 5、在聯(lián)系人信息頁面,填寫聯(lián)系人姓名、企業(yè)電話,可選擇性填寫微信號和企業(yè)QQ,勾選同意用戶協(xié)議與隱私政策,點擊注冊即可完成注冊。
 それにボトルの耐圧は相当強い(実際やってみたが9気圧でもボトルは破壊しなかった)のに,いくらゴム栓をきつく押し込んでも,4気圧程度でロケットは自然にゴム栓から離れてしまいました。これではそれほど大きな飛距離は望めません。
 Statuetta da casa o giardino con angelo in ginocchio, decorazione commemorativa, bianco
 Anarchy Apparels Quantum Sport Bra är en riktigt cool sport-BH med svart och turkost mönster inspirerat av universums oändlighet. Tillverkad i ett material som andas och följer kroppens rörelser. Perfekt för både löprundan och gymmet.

---

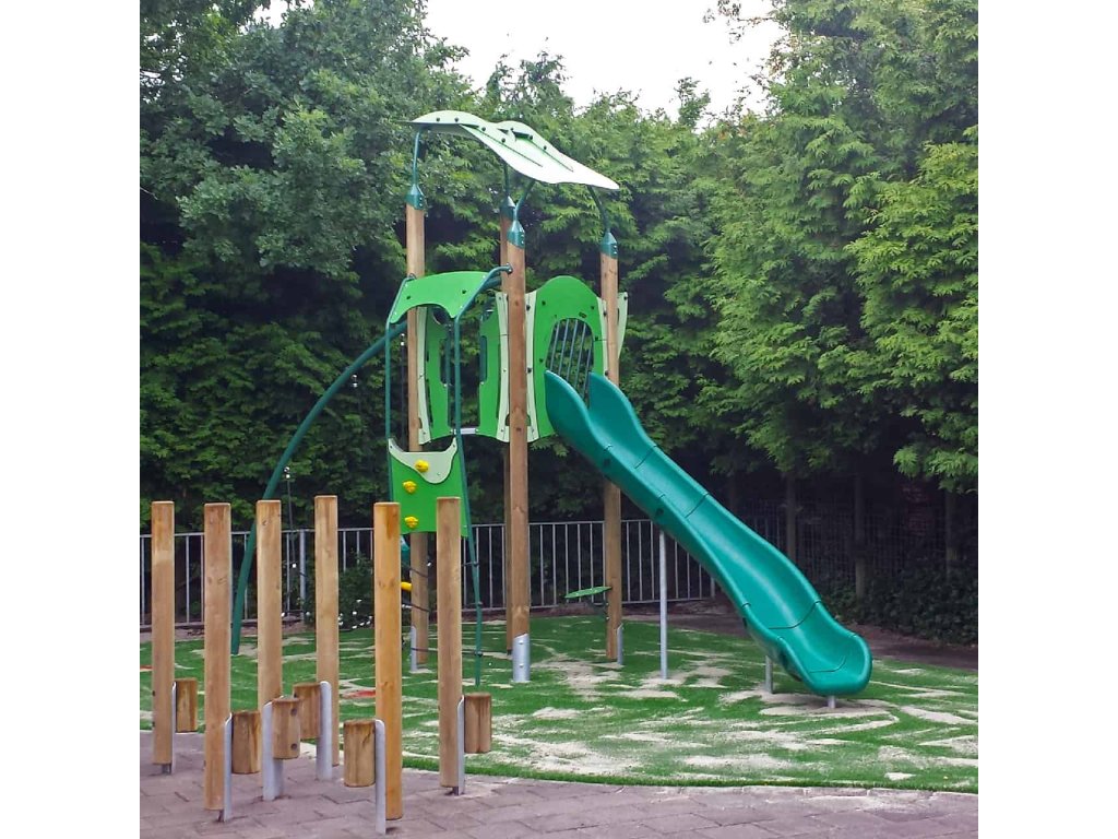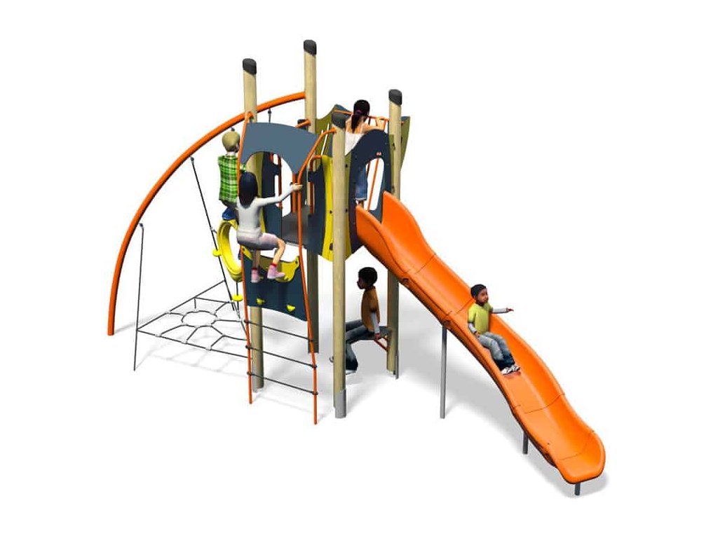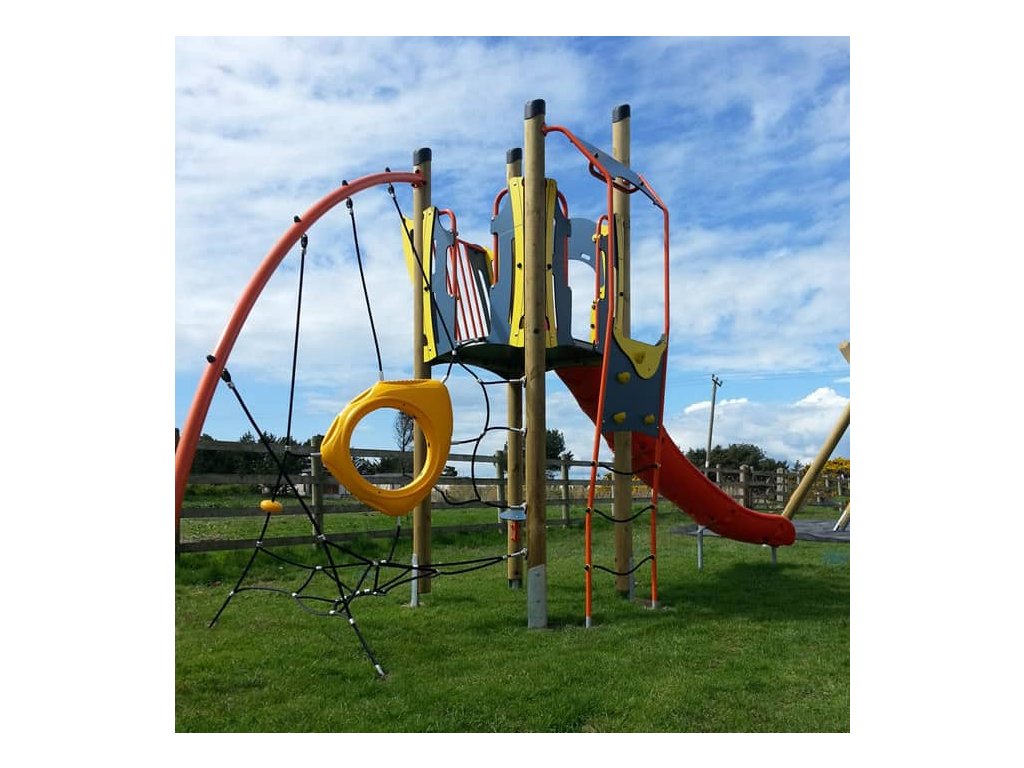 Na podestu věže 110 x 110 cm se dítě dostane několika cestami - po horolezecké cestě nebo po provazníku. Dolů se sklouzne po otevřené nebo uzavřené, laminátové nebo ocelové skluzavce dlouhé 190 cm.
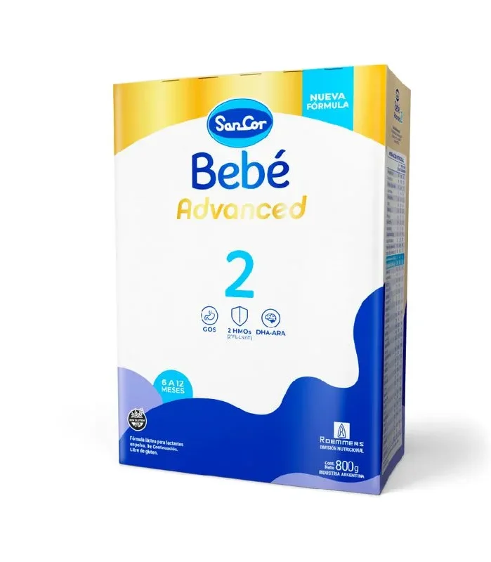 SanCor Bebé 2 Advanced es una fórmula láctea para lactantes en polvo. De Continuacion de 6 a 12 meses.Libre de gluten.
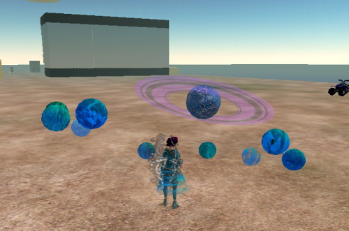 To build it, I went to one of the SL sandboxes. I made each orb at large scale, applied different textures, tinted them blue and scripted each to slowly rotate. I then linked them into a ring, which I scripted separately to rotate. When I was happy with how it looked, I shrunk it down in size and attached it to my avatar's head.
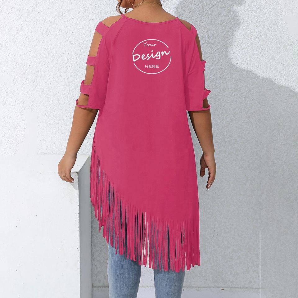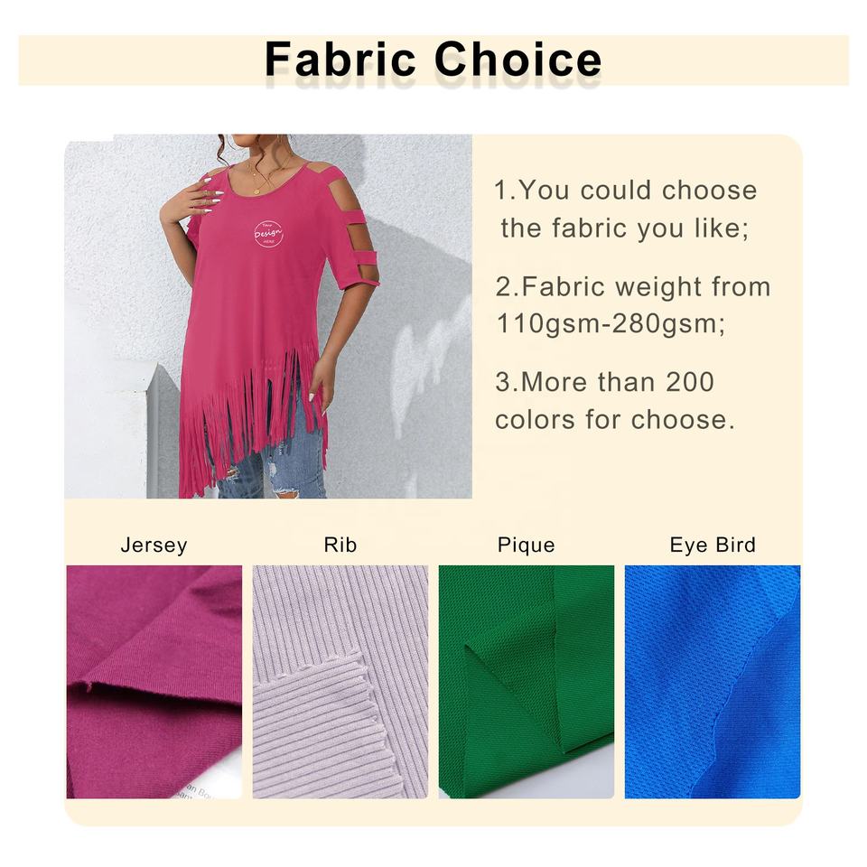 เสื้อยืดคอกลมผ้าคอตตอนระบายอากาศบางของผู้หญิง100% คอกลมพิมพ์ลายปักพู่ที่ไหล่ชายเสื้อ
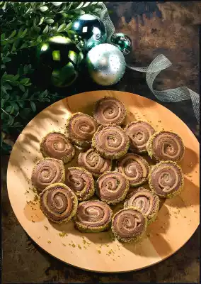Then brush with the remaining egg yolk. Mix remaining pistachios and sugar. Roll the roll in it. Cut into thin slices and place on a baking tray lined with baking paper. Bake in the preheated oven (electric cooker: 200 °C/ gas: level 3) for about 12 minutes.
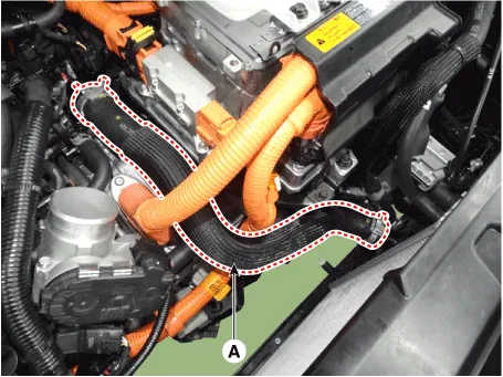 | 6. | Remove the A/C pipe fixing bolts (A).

---

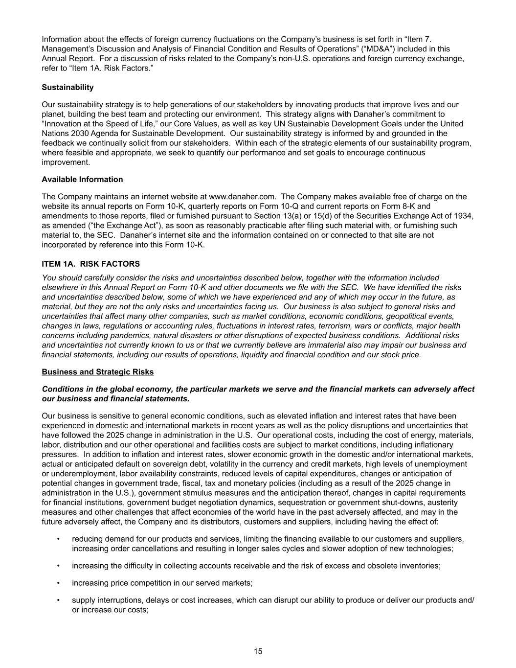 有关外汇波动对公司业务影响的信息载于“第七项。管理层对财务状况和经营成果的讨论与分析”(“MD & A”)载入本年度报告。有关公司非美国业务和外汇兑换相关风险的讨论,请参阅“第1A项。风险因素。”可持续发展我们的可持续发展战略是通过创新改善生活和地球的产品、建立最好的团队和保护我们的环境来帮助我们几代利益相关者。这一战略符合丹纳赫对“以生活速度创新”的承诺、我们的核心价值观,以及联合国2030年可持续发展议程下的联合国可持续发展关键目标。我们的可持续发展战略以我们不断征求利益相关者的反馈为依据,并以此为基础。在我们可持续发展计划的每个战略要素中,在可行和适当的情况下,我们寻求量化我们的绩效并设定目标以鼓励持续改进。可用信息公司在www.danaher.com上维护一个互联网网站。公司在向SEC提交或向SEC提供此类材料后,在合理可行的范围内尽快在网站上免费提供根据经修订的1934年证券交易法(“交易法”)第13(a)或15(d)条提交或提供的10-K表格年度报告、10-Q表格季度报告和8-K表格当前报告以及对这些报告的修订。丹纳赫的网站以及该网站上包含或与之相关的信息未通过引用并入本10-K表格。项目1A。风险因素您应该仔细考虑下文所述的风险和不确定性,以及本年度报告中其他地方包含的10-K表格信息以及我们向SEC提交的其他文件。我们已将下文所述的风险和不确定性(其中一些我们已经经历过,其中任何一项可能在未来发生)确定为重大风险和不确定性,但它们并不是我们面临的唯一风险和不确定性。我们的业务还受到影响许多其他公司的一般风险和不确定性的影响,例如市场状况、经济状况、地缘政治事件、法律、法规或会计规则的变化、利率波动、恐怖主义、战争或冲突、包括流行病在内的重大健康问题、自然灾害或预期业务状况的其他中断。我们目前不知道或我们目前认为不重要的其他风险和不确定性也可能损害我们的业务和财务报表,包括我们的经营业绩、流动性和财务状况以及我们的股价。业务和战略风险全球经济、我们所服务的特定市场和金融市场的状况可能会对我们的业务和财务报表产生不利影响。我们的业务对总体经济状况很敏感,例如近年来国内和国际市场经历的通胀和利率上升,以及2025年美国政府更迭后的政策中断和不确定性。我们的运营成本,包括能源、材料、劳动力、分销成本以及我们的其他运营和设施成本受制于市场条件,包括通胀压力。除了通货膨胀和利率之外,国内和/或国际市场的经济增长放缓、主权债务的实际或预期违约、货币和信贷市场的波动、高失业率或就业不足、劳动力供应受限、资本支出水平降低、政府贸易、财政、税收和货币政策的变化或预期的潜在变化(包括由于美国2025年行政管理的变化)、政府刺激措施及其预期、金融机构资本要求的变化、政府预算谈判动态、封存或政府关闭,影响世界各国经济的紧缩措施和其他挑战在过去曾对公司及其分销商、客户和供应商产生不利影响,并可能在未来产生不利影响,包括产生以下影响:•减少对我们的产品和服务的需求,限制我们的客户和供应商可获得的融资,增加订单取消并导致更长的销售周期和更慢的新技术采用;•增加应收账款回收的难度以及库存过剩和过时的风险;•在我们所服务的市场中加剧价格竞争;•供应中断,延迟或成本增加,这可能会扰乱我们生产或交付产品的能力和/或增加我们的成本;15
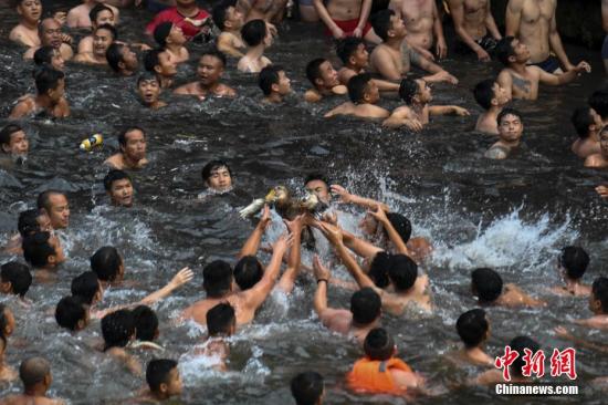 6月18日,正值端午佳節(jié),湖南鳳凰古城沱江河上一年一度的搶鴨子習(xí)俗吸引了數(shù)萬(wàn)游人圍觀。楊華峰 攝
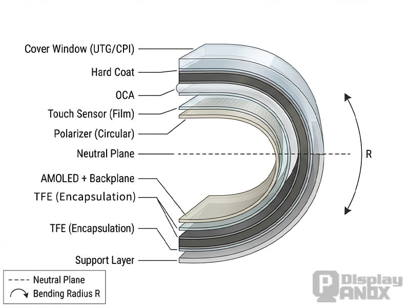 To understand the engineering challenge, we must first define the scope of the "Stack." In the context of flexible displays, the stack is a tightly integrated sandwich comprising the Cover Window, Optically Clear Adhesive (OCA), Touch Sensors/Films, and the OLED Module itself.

Work order:
Look above for the line containing "Na podestu věže" and the line containing "SanCor Bebé 2", then reproduce both and everything between them exactly, pictures omitted.

Final answer:
 Na podestu věže 110 x 110 cm se dítě dostane několika cestami - po horolezecké cestě nebo po provazníku. Dolů se sklouzne po otevřené nebo uzavřené, laminátové nebo ocelové skluzavce dlouhé 190 cm.
 SanCor Bebé 2 Advanced es una fórmula láctea para lactantes en polvo. De Continuacion de 6 a 12 meses.Libre de gluten.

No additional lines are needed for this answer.